What the task asks ▸ Among the entries below, extract exactly the lines that run from the one with "SHORT BOX OF" through the one with "Just 250 meters", both ends included.

Source data ▸
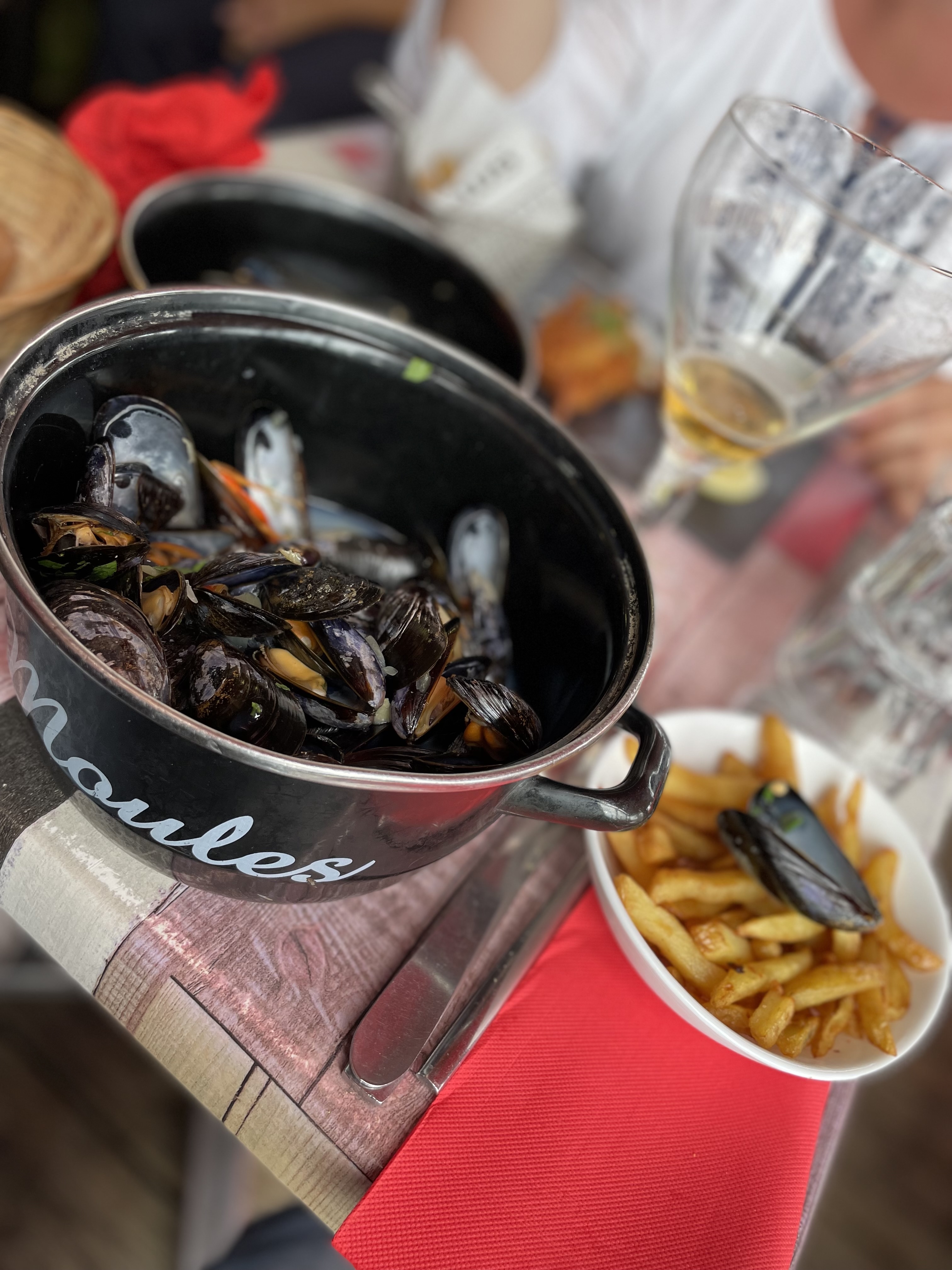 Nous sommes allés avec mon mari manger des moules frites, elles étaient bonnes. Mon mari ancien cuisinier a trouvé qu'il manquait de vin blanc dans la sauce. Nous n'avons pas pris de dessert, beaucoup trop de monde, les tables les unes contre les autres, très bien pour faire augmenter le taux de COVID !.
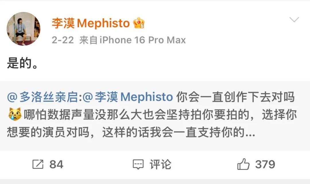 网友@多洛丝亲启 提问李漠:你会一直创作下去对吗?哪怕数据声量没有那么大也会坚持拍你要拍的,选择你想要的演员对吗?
---
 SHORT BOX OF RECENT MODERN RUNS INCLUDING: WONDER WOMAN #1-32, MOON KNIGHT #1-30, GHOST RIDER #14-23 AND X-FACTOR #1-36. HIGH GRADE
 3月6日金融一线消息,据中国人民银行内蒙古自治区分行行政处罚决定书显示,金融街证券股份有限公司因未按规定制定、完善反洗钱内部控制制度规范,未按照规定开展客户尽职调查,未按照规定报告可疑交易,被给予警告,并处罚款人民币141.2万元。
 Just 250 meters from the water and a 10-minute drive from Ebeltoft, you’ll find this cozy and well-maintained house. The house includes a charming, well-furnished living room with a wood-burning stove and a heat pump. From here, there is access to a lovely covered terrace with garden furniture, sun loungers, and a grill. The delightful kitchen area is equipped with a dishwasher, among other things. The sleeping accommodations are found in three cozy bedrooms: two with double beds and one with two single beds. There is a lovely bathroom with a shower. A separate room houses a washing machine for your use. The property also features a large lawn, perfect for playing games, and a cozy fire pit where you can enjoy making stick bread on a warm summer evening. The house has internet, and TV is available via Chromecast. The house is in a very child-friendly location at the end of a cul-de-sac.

Answer area ▸
 SHORT BOX OF RECENT MODERN RUNS INCLUDING: WONDER WOMAN #1-32, MOON KNIGHT #1-30, GHOST RIDER #14-23 AND X-FACTOR #1-36. HIGH GRADE
 3月6日金融一线消息,据中国人民银行内蒙古自治区分行行政处罚决定书显示,金融街证券股份有限公司因未按规定制定、完善反洗钱内部控制制度规范,未按照规定开展客户尽职调查,未按照规定报告可疑交易,被给予警告,并处罚款人民币141.2万元。
 Just 250 meters from the water and a 10-minute drive from Ebeltoft, you’ll find this cozy and well-maintained house. The house includes a charming, well-furnished living room with a wood-burning stove and a heat pump. From here, there is access to a lovely covered terrace with garden furniture, sun loungers, and a grill. The delightful kitchen area is equipped with a dishwasher, among other things. The sleeping accommodations are found in three cozy bedrooms: two with double beds and one with two single beds. There is a lovely bathroom with a shower. A separate room houses a washing machine for your use. The property also features a large lawn, perfect for playing games, and a cozy fire pit where you can enjoy making stick bread on a warm summer evening. The house has internet, and TV is available via Chromecast. The house is in a very child-friendly location at the end of a cul-de-sac.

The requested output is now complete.